__Supplied material__:
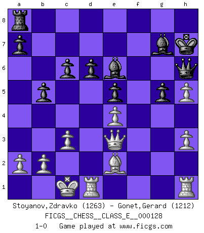 Last move : 1-0 2010 September 12 17:34:37 [Event "FICGS__CHESS__CLASS_E__000128"] [Site "FICGS"] [Date "2010.09.07"] [Round "1"] [White "Stoyanov,Zdravko"] [Black "Gonet,Gerard"] [Result "1-0"] [WhiteElo "1263"] [BlackElo "1212"] 1.e4 Nc6 2.Nf3 Nf6 3.d3 d6 4.Bg5 e5 5.h3 h6 6.Bh4 g5 7.Bg3 Bg7 8.Be2 Nh5 9.Nh2 Nxg3 10.fxg3 O-O 11.Nc3 f5 12.g4 fxe4 13.dxe4 Ne7 14.Nd5 Ng6 15.c3 c6 16.Ne3 Nh4 17.Bc4+ Kh7 18.Qc2 b5 19.Bd3 Be6 20.g3 Nf3+ 21.Nxf3 Rxf3 22.Qd2 Rxg3 23.Qf2 Rxe3+ 24.Qxe3 h5 25.gxh5 Qf6 26.O-O-O Qh6 27.Be2 1-0 KP : Nimzovich defense Kingside Castling by player Black (move 10) Queenside Castling by player White (move 26) Player White won this chess game. Follow this game move after move (download)For surely of all the drugs in the world, Chess must be the most permanently pleasurable. (Assiac) Schach wird sich dank seiner hohen kulturellen Tradition immer durchsetzen. In näherer Zukunft womöglich sogar als Gegenreaktion auf die maßlose Reizüberflutung im Freizeit- und Spielbereich. (Garry Kasparov) Muchos se han convertido en Maestros de Ajedrez, nadie se ha convertido en el Maestro del Ajedrez. (Siegbert Tarrasch) La conception d'un plan est le processus par lequel un joueur exploite les avantages de sa position tout en s'efforçant d'en réduire au minimum les inconvénients. Afin de garantir le succès, un plan doit toujours se fonder sur un diagnostic objectif des particularités d'une position. La conception d'un plan est d'autant plus difficile que la position est équilibrée, et grandement facilitée lorsqu'il n'existe qu'un seul plan susceptible de répondre aux exigences de la position. (Harry Golombek) Creativity is inventing, experimenting, growing, taking risks, breaking rules, making mistakes, and having fun. (Mary Lou Cook)
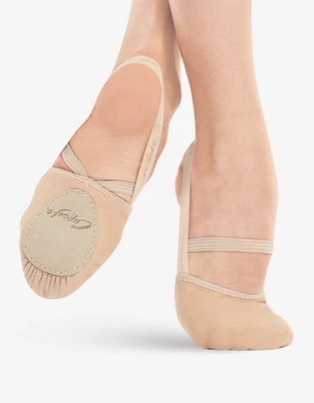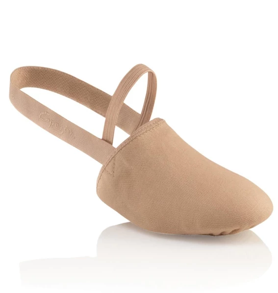 Pirouette like the pros in the stretch canvas Pirouette II shoe. The half sole design offers the best of both worlds. Ultra soft canvas hugs the forefoot while the open heel provides much needed breathability. Elastics around the sides and under the arch of the foot keep you stable while turning non-stop. Capezio logo on ballet-style sole patch adds an exclusive touch. Fitting information: Suggested sizes in menu, wider feet should start up the next size.
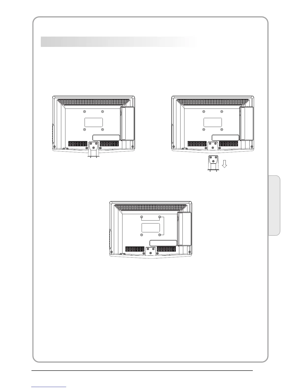 2.Remove the screws from the lower part of the television, where the base joins to the
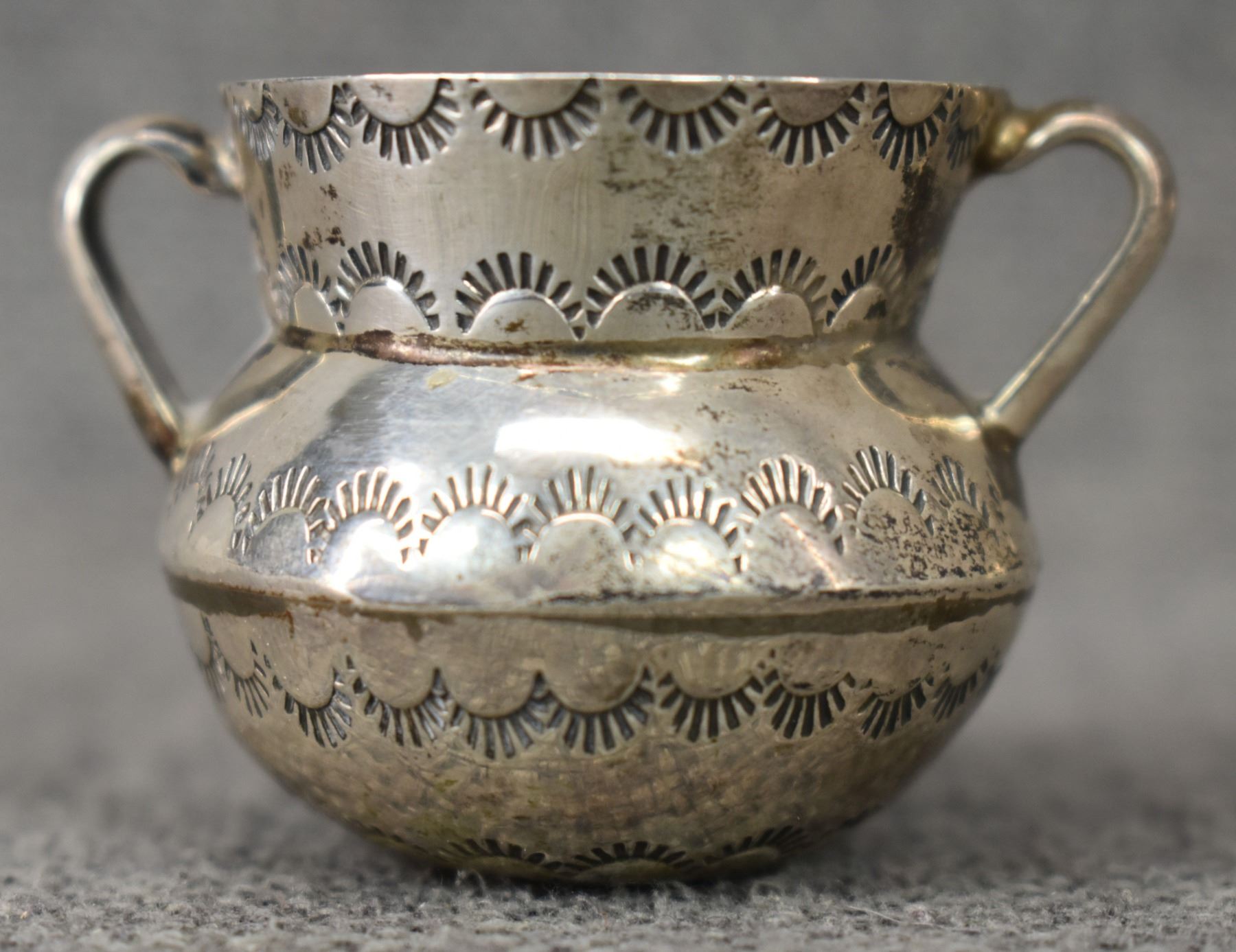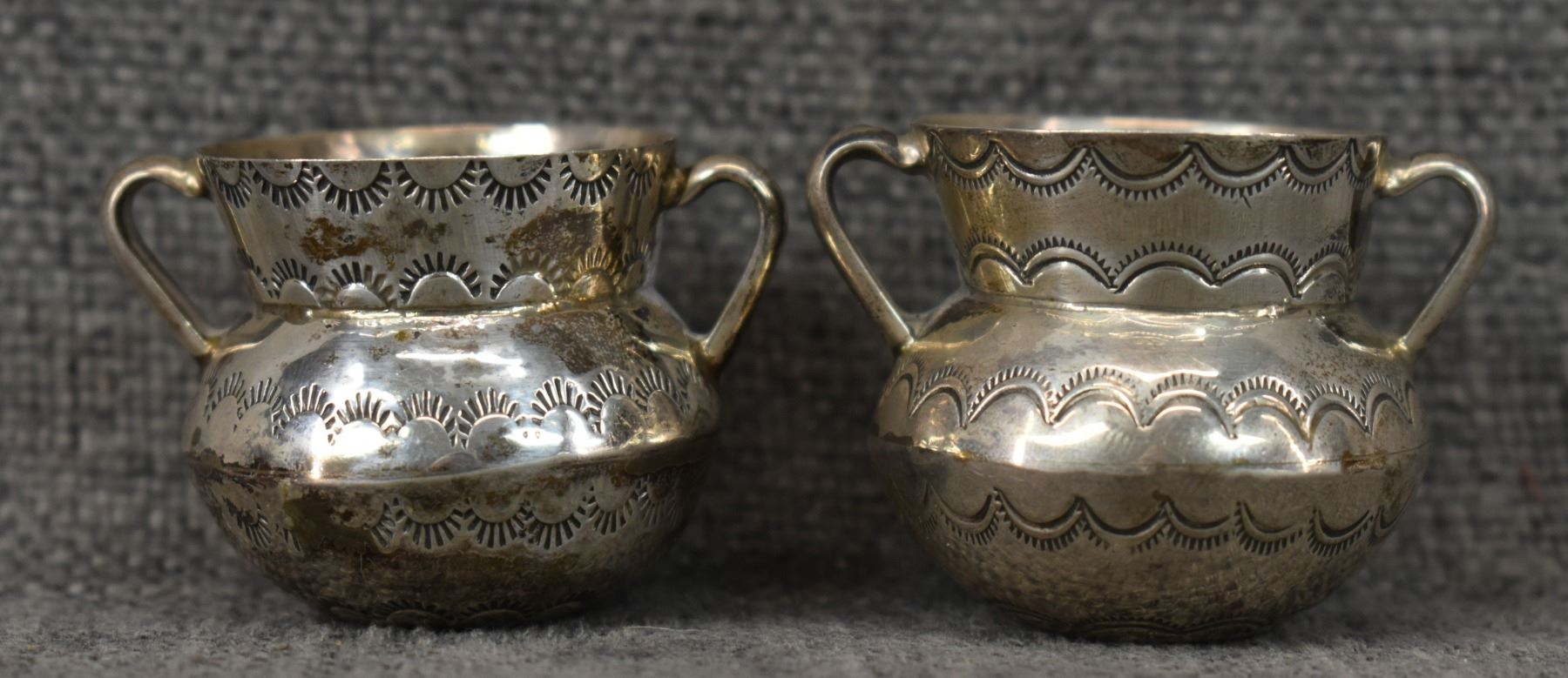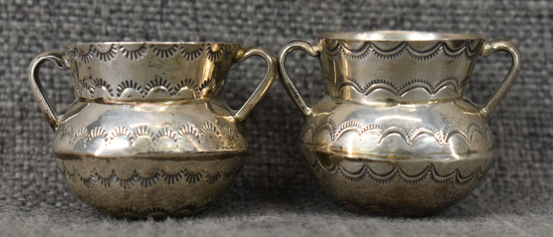 1970's Navajo, sterling silver hand made with stamped design, 1.5" x 2" total weight 49 grams

__Task requirements__: Reproduce every line above as written, skipping pictures.

__Result of the exercise__:
 Last move : 1-0 2010 September 12 17:34:37 [Event "FICGS__CHESS__CLASS_E__000128"] [Site "FICGS"] [Date "2010.09.07"] [Round "1"] [White "Stoyanov,Zdravko"] [Black "Gonet,Gerard"] [Result "1-0"] [WhiteElo "1263"] [BlackElo "1212"] 1.e4 Nc6 2.Nf3 Nf6 3.d3 d6 4.Bg5 e5 5.h3 h6 6.Bh4 g5 7.Bg3 Bg7 8.Be2 Nh5 9.Nh2 Nxg3 10.fxg3 O-O 11.Nc3 f5 12.g4 fxe4 13.dxe4 Ne7 14.Nd5 Ng6 15.c3 c6 16.Ne3 Nh4 17.Bc4+ Kh7 18.Qc2 b5 19.Bd3 Be6 20.g3 Nf3+ 21.Nxf3 Rxf3 22.Qd2 Rxg3 23.Qf2 Rxe3+ 24.Qxe3 h5 25.gxh5 Qf6 26.O-O-O Qh6 27.Be2 1-0 KP : Nimzovich defense Kingside Castling by player Black (move 10) Queenside Castling by player White (move 26) Player White won this chess game. Follow this game move after move (download)For surely of all the drugs in the world, Chess must be the most permanently pleasurable. (Assiac) Schach wird sich dank seiner hohen kulturellen Tradition immer durchsetzen. In näherer Zukunft womöglich sogar als Gegenreaktion auf die maßlose Reizüberflutung im Freizeit- und Spielbereich. (Garry Kasparov) Muchos se han convertido en Maestros de Ajedrez, nadie se ha convertido en el Maestro del Ajedrez. (Siegbert Tarrasch) La conception d'un plan est le processus par lequel un joueur exploite les avantages de sa position tout en s'efforçant d'en réduire au minimum les inconvénients. Afin de garantir le succès, un plan doit toujours se fonder sur un diagnostic objectif des particularités d'une position. La conception d'un plan est d'autant plus difficile que la position est équilibrée, et grandement facilitée lorsqu'il n'existe qu'un seul plan susceptible de répondre aux exigences de la position. (Harry Golombek) Creativity is inventing, experimenting, growing, taking risks, breaking rules, making mistakes, and having fun. (Mary Lou Cook)
 Pirouette like the pros in the stretch canvas Pirouette II shoe. The half sole design offers the best of both worlds. Ultra soft canvas hugs the forefoot while the open heel provides much needed breathability. Elastics around the sides and under the arch of the foot keep you stable while turning non-stop. Capezio logo on ballet-style sole patch adds an exclusive touch. Fitting information: Suggested sizes in menu, wider feet should start up the next size.
 2.Remove the screws from the lower part of the television, where the base joins to the
 1970's Navajo, sterling silver hand made with stamped design, 1.5" x 2" total weight 49 grams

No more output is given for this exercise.